在这里,我分享以下我对于BERT的主体网络代码的解析,因为时间有限,进行的比较仓促,难免会有错误,希望大家多多指教。

对于代码,我使用的是他人复现的pytorch版本。

paper:https://arxiv.org/pdf/1810.04805.pdf&usg=ALkJrhhzxlCL6yTht2BRmH9atgvKFxHsxQ

code:https://github.com/codertimo/BERT-pytorch

1. BERT主体网络代码,对于其中的Transformer的细节我并没有加进去,需要的同学可以去上面的仓库中寻找。

import torch.nn as nn
import torch
import math
from .attention import MultiHeadedAttention
from .utils import SublayerConnection, PositionwiseFeedForward
#-----------------------------------------------------------------#
# BERT: Bidirectional Encoder Representations from Transformers
# 可以直译为BERT:使用Transformer的双向编码器表示
#-----------------------------------------------------------------#
class BERT(nn.Module):
    def __init__(self, vocab_size, hidden=768, n_layers=12, attn_heads=12, dropout=0.1):
        super(BERT,self).__init__()
        """
        :param vocab_size: vocab_size of total words
        :param hidden: BERT model hidden size
        :param n_layers: numbers of Transformer blocks(layers),为Transformer中的encoder的层数
        :param attn_heads: number of attention heads
        :param dropout: dropout rate
        """
        self.hidden     = hidden
        self.n_layers   = n_layers
        self.attn_heads = attn_heads
        #----------------------------------------------#
        # 对于Feed Forward Network,paper中指出
        # 对于feed_forward_hidden他们使用了4*hidden_size
        #----------------------------------------------#
        self.feed_forward_hidden = hidden * 4
        #----------------------------------------------#
        # 对于BERT的编码操作,在这里是positional, segment
        # 以及token embeddings的sum操作
        #----------------------------------------------#
        self.embedding = BERTEmbedding(vocab_size=vocab_size, embed_size=hidden)
        #-------------------------------------------------#
        # 具有多层transformer encoder的transformer结构
        #-------------------------------------------------#
        self.transformer_blocks = nn.ModuleList([TransformerBlock(hidden, attn_heads, hidden * 4, dropout) for _ in range(n_layers)])
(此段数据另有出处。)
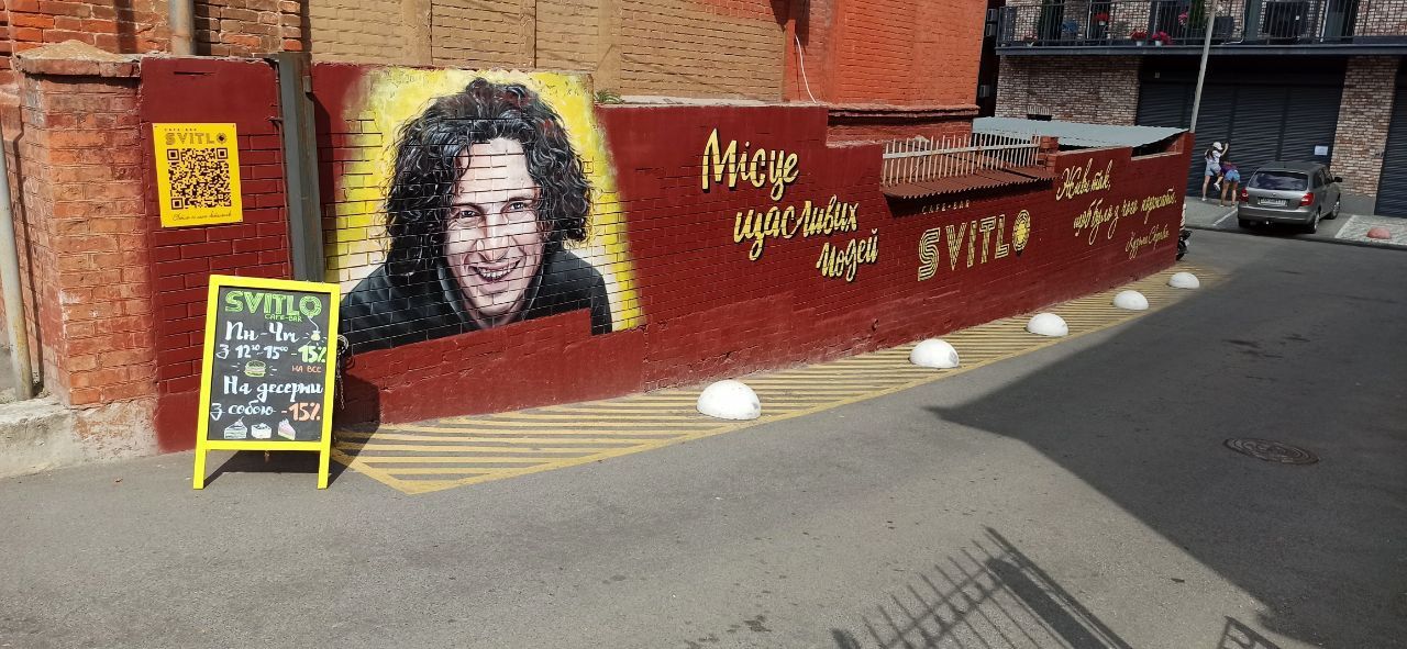 На ньому - портрет Кузьми Скрябіна та напис “Місце щасливих людей”. А також цитата самого Кузьми: "Живи так, щоб було з чого поржати".

    def forward(self, x, segment_info):
        # attention masking for padded token
        # torch.ByteTensor([batch_size, 1, seq_len, seq_len)
        mask = (x > 0).unsqueeze(1).repeat(1, x.size(1), 1).unsqueeze(1)
        #---------------------------------------------------#
        # 将一条句子嵌入转换为sequence of vectors
        #---------------------------------------------------#
        x = self.embedding(x, segment_info)
        #---------------------------------------------------#
        # pass through transformer layers
        #---------------------------------------------------#
        for transformer in self.transformer_blocks:
            x = transformer.forward(x, mask)

        return x

#---------------------------------------------------------------------------------#
# BERTEmbedding这一个类的定义
#    BERT Embedding which is consisted with under features
#       1. TokenEmbedding : normal embedding matrix
#       2. PositionalEmbedding : adding positional information using sin, cos
#       3. SegmentEmbedding : adding sentence segment info, (sent_A:1, sent_B:2)
#---------------------------------------------------------------------------------#
class BERTEmbedding(nn.Module):
    def __init__(self, vocab_size, embed_size, dropout=0.1):
        """
        :param vocab_size: total vocab size
        :param embed_size: embedding size of token embedding
        :param dropout: dropout rate
        """
        super(BERTEmbedding,self).__init__()
        self.embed_size = embed_size
        self.token      = TokenEmbedding(vocab_size=vocab_size, embed_size=embed_size)
        self.position   = PositionalEmbedding(d_model=self.token.embedding_dim)
        self.segment    = SegmentEmbedding(embed_size=self.token.embedding_dim)
        self.dropout    = nn.Dropout(p=dropout)
    #------------------------------------------------------------------------#
    # 将TokenEmbedding,PositionalEmbedding以及SegmentEmbedding
    # 三部分相加,之后过Dropout来降低过拟合发生的风险,最后得出BERTEmbedding这一个类的输出
    #------------------------------------------------------------------------#
    def forward(self, sequence, segment_label):
        x = self.token(sequence) + self.position(sequence) + self.segment(segment_label)
        return self.dropout(x)

#-----------------------------------------------#
# TokenEmbedding以及SegmentEmbedding这两个类的定义
# 两者都继承nn.Embedding这个方法
#-----------------------------------------------#
class TokenEmbedding(nn.Embedding):
    def __init__(self, vocab_size, embed_size=512):
        super(TokenEmbedding,self).__init__(vocab_size, embed_size, padding_idx=0)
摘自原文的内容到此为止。